Orbis is a financial services enterprise focusing on wealth management, investment advisory, and portfolio management offerings. The business enterprise has a strong popularity for delivering consistent returns and custom-designed solutions to its clients.  

Orbis’s expertise in wealth management positions it well to revel in the growing demand for financial offerings in India.  The organisation’s focus on technology-driven solutions and consumer-centric services enhances its competitive aspect. 

Orbis Financial Corporation presented revenue of ₹366 crore and earnings of ₹141 crore in FY24. The Orbis share price is currently around ₹460 per share.

  1. Cochin International Airport Limited (CIAL)

CIAL is the primary airport within the global to be certainly powered via solar energy. Located in Kochi, Kerala, the airport is a version for sustainable infrastructure development. CIAL has continuously introduced strong financial common performance and is expanding its operations to satisfy developing passenger traffic. 

CIAL’s sustainability and renewable energy awareness align with international tendencies and complement its recognition.
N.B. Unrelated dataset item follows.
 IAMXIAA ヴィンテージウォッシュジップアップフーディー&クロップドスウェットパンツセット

The airport’s strategic location and expansion plans are designed in such a way that makes it a key participant in India’s aviation vicinity. 
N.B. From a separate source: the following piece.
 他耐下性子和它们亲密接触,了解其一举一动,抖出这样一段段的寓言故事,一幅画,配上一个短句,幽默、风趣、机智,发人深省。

Cochin International Airport Limited (CIAL) presented a consistent financial performance having generated a revenue of ₹1,158 crore with a PAT of ₹447 crore in FY24. The CIAL presents the share price as ₹475 per share. 

  1. Urban Tots

Urban Tots is a fast-growing e-commerce platform specializing in baby and kids’ products that is in the developing stage and gives rise to a boost to the toy industry with the initiative of Government-linked PLI Schemes. The company offers a wide range of products, including clothing, toys, and accessories, catering to the needs of present-day modern parents. 

Urban Tots’s primary focus on the growing baby and kids’ market positions it well for long-term growth. The company’s innovative approach and strong online presence make it a strong contender in the e-commerce space. 
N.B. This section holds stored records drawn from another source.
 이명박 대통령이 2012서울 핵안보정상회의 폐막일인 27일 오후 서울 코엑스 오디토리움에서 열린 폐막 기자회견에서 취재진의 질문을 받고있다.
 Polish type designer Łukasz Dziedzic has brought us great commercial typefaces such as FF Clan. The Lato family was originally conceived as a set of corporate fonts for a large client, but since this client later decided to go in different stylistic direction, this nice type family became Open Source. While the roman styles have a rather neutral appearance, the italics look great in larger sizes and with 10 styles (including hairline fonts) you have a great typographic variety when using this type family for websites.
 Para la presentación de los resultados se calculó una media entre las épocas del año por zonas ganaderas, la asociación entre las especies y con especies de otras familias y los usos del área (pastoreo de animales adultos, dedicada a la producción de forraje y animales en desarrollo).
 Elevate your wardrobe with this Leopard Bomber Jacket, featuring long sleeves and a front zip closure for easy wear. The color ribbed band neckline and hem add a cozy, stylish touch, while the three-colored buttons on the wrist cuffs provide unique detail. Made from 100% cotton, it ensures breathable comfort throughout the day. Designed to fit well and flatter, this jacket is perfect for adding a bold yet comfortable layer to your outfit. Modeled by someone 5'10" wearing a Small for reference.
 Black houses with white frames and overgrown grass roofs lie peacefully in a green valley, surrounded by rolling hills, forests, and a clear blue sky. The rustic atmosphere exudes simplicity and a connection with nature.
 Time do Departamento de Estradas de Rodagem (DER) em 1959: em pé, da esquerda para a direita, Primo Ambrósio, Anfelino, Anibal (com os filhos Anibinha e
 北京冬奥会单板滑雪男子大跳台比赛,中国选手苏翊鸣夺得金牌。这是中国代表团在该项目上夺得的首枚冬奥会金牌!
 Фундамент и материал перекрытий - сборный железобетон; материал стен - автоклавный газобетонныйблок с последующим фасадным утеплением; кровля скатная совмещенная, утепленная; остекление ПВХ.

Urban Tots reported a revenue of ₹79 crore and a profit of ₹7 crore in FY24. The Urban Tots share price is currently ₹90 per share.

  1. Hero Fincorp

Hero FinCorp is a main non-banking financial company (NBFC) aims to provide a huge range of financial merchandise, inclusive of loans, coverage in terms of insurance, and investment offerings. The business enterprise is a part of the Hero Group, which has a strong reputation in the automobile and economic services sectors.  

Hero FinCorp’s strong parent company and robust growth method make it a stable investment choice. The business enterprise’s cognizance on digital transformation and customer-centric services complements its competitive element. 

Hero FinCorp posted a sales of ₹3,539 crore with earnings of ₹975 crore in FY24. The Hero FinCorp share price is trading around ₹1,810 per share.

Conclusion

The surge in unlisted shares presents an exciting and attractive investment opportunity for the ones willing to enter early and maintain hold for a long time. Whether it’s high-growth startups like Proxgy and Urban Tots or established giants like NSE and HDFC Securities, the unlisted area is brimming with extreme potential. Platforms like Planify make it simpler than ever to invest in these growth opportunities with confidence. As India’s private marketplace expands, investors who navigate it smartly stand to benefit and gain the most.